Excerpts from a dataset
········

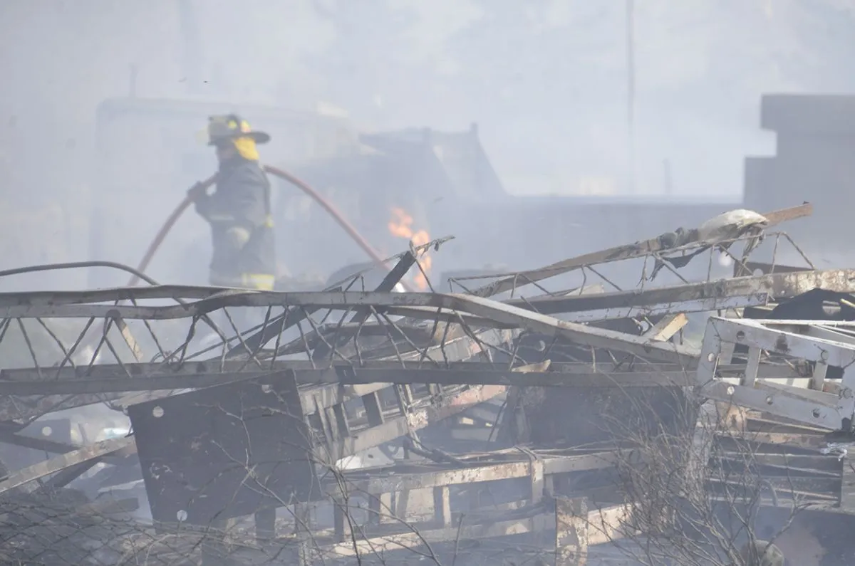 Ayer, con el fuerte ventarrón que soportó la zona, posiblemente algunos focos ígneos de la escombrera situada detrás del hotel “Su Estrella” volaron varios metros y llegaron hasta la planta asfáltica arrasando con diversos elementos inflamables como lo son algunos vehículos en desuso, un tráiler habitacional del sereno y otros elementos combustibles.
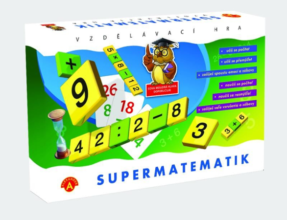 Supermatematik je vzdělávací hra ze série Sova Moudrá hlava pro 2 - 4 hráče.
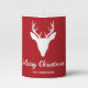 Destei's original white silhouette design of a deer head with large antlers on a red background color. There are also two personalizable text areas. A festive accent for the Holiday season!
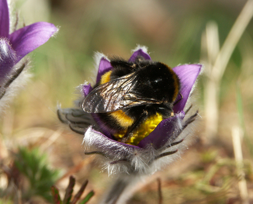 Hummelkönigin in Pulsatilla-Blüte
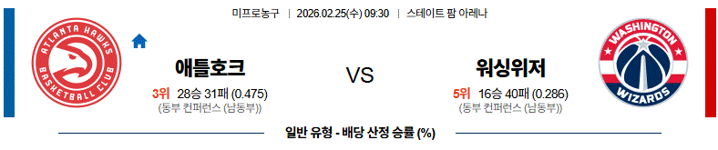 애틀랜타는 직전 경기에서 강한 리바운드 장악과 4쿼터 집중력을 앞세워 역전승을 거두며 분위기를 끌어올렸다. 제일런 존슨과 오콩구의 골밑 장악력과 맥컬럼의 외곽 지원이 안정적이며 최근 공격 전개 흐름도 개선된 모습이다. 홈에서는 기복이 있지만 속공과 트랜지션에서 경쟁력을 보여주고 있다, 반면, 워싱턴은 외곽 수비 불안과 후반 집중력 저하가 반복되고 있고 원정에서는 5승21패로 경쟁력이 크게 떨어진다. 리바운드 열세와 수비 조직력 문제도 부담이다. 애틀랜타 승리가 예상된다.
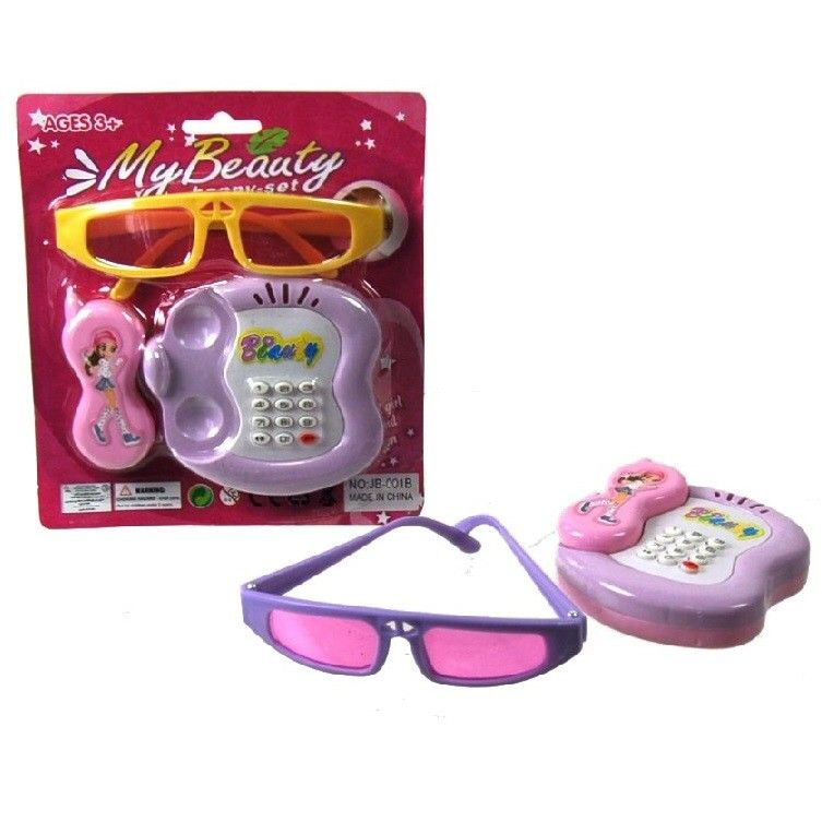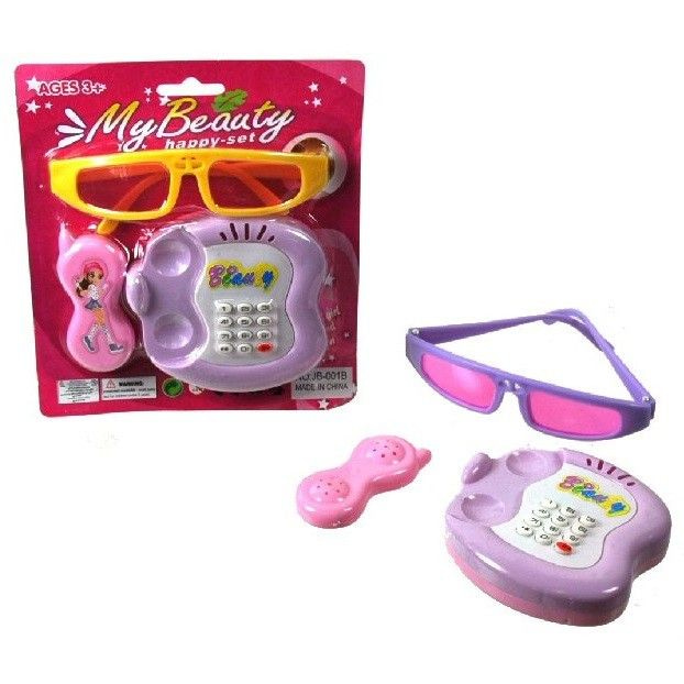 Nice little playset for girls, packed on card. A colorful toy phone that makes different sounds when you press the buttons. And a nice sun glasses for children. Batteries not included.

········

What you are asked to do – Please retype the entries above word for word, but only from the line containing "애틀랜타는 직전 경기에서" through the last line, and without the pictures.

Response to this task –
 애틀랜타는 직전 경기에서 강한 리바운드 장악과 4쿼터 집중력을 앞세워 역전승을 거두며 분위기를 끌어올렸다. 제일런 존슨과 오콩구의 골밑 장악력과 맥컬럼의 외곽 지원이 안정적이며 최근 공격 전개 흐름도 개선된 모습이다. 홈에서는 기복이 있지만 속공과 트랜지션에서 경쟁력을 보여주고 있다, 반면, 워싱턴은 외곽 수비 불안과 후반 집중력 저하가 반복되고 있고 원정에서는 5승21패로 경쟁력이 크게 떨어진다. 리바운드 열세와 수비 조직력 문제도 부담이다. 애틀랜타 승리가 예상된다.
 Nice little playset for girls, packed on card. A colorful toy phone that makes different sounds when you press the buttons. And a nice sun glasses for children. Batteries not included.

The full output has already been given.